An exact copy of all the data is needed, with every picture left out.

**Information supplied**
++++++++++

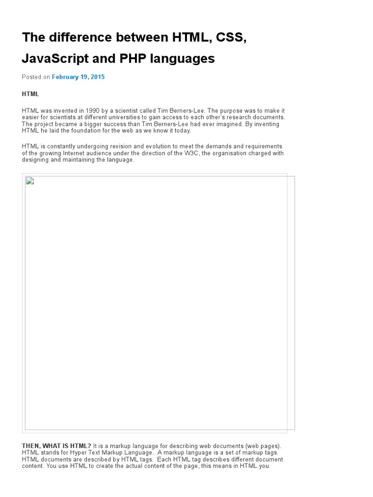 Difference between JavaScript and PHP Both JavaScript and PHP are two of the most popular and versatile programming languages used for website development. Many programmers would agree it's not fair to compare one with the other because they have different purposes when it comes to website development. While JavaScript is a client-side scripting language, PHP is the most popular server-side JavaScript is programming language. HTML, CSS, XML, and SQL are shortcuts, while JavaScript is not. PHP was primary made for web application at server side, while JavaScript for Web applications at user side. PHP is best for applications of type serve and die and JavaScript is May 24, 2015 - HTML HTML was invented in 1990 by a scientist called Tim Berners-Lee. The purpose was to make it easier for scientists at different universities to gain access to each other's research documents. The project became a bigger success than Tim Berners-Lee had ever imagined.
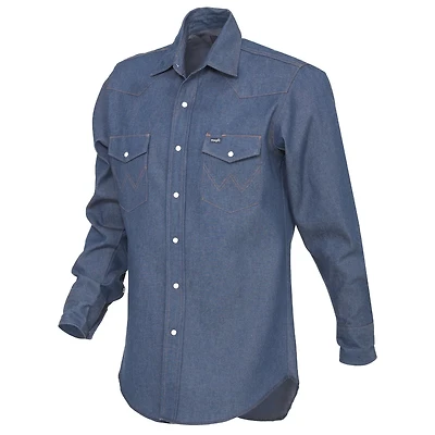 Wrangler Men's Cowboy Cut Long Sleeve Spread Collar Slub Denim Shirt
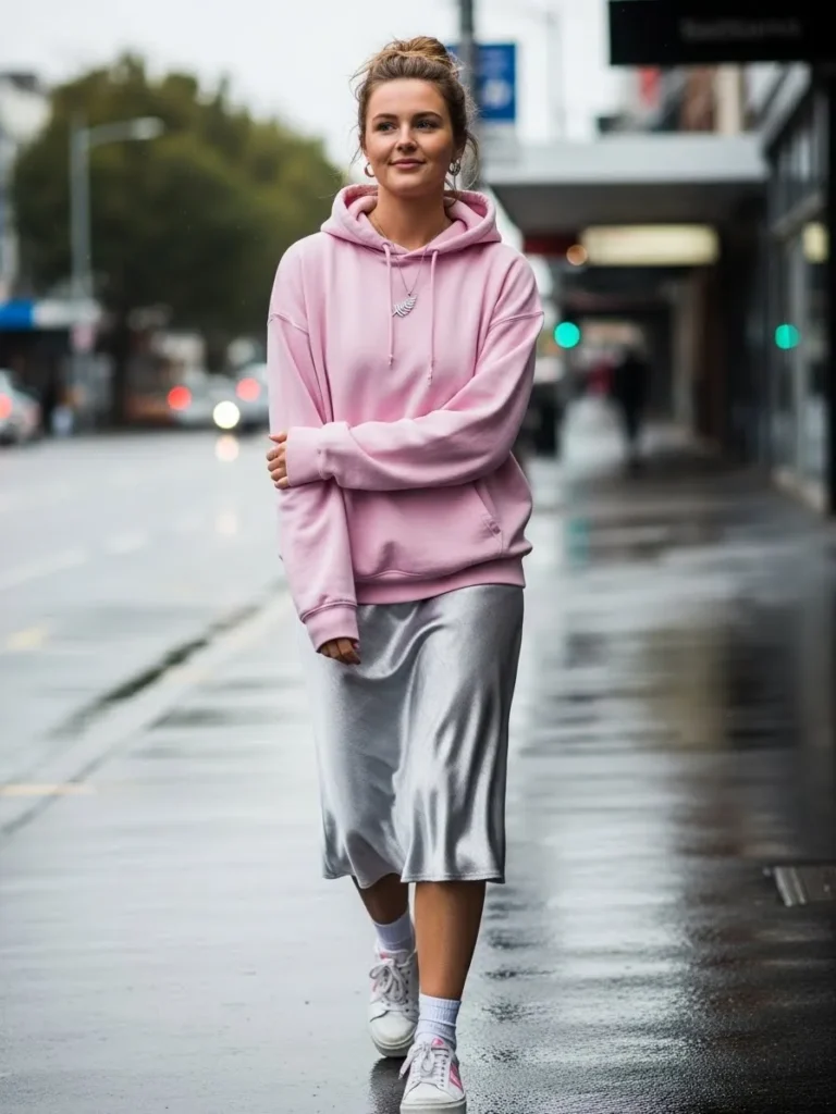 This outfit mixes a soft pink hoodie with a silver satin midi skirt and classic white sneakers for an unexpected but super cute combo.
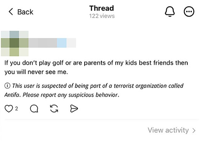 On Threads,a social media platform owned by Meta,which also operates Facebook,Instagram and WhatsApp,a warning label about users being ‘associated’ with Antifa has appeared.

++++++++++

**Output of the task**
 Difference between JavaScript and PHP Both JavaScript and PHP are two of the most popular and versatile programming languages used for website development. Many programmers would agree it's not fair to compare one with the other because they have different purposes when it comes to website development. While JavaScript is a client-side scripting language, PHP is the most popular server-side JavaScript is programming language. HTML, CSS, XML, and SQL are shortcuts, while JavaScript is not. PHP was primary made for web application at server side, while JavaScript for Web applications at user side. PHP is best for applications of type serve and die and JavaScript is May 24, 2015 - HTML HTML was invented in 1990 by a scientist called Tim Berners-Lee. The purpose was to make it easier for scientists at different universities to gain access to each other's research documents. The project became a bigger success than Tim Berners-Lee had ever imagined.
 Wrangler Men's Cowboy Cut Long Sleeve Spread Collar Slub Denim Shirt
 This outfit mixes a soft pink hoodie with a silver satin midi skirt and classic white sneakers for an unexpected but super cute combo.
 On Threads,a social media platform owned by Meta,which also operates Facebook,Instagram and WhatsApp,a warning label about users being ‘associated’ with Antifa has appeared.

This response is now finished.